Chapter 3

The scarlet goddess, my darling, my love.

Crisis

“You are a waste of space,” I tell my reflection, going through my usual affirmations while I attempt to tame the mousy brown wisps of hair I’ve just dried. They are not cooperating, because they hate me, I can only assume. “You’re not worth the carbon monoxide you create. Not even the plants appreciate you.”

My hair.

It just.

Won’t .

Huffing, I startle when my phone begins to ring in my bedroom. No more of a main character than I was before my shower, I leave the bathroom, find my phone on my nightstand, and learn that it is still five in the morning. Yet Viktor’s calling.

Unprecedented.

Concerning.

This must mean he’s had enough of my current “research endeavor.”

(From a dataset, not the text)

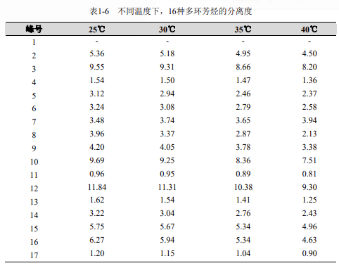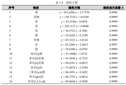 將 16 種多環芳烴標準工作液,按 1.3.2 中色譜條件進行分析,16 種多環芳烴線性如下表所示:

Time to provide a false sense of hope and hit him where it matters.

Faux chipper, I answer, “Why, hello, sleepyhead! Has your body adjusted to these hours? We’re making progress! We can go over the spreadsheets I’ve put together this afternoon during your lunch break and assess how this schedule has impacted your work.”

“That won’t be necessary,” his deep voice murmurs.

A cuss pricks my skull.

The ice bucket.

It was too far.

Duly noted. Now, let’s not be dramatic, Viktor. All assistants throw ice water on their bosses every so often, as a joke. I’m a silly little guy, full of great jokes—but I still get impressive results. And, obviously, if you didn’t want to be woken with a bucket of ice water, that should have been outlined in our work agreement.

’Twasn’t.

Manipulation tactics ever intact, I allow all joy to fizzle from me, turning my sweet voice pitiful. “Not necessary? I’ve put so much effort into the charts. I was hoping this schedule would allow you to meet your writing goals ahead of time and give you free evenings, so you aren’t up all night working. It’s not good to be up all night. Bad for your circadian rhythm. I have a report on that I can send you if you’d like?”

See, Viktor?

I’m an angel, thinking only of you, and now I’m so sad .

The pause bodes well.

As does the sigh.

“Fine, we’ll review.”

My lips curl.

“ But —” he says.

My stomach clenches, and I fortify myself for the worst.

“—we will also discuss something else I’d like to…test. ”

Something else he’d like to test? He’s not the tester. I’m the tester. He’s my little torture experiment, not the other way around. The only reason I get him to agree to any of my plots is because I present them with logic, science, and Canva Whiteboards.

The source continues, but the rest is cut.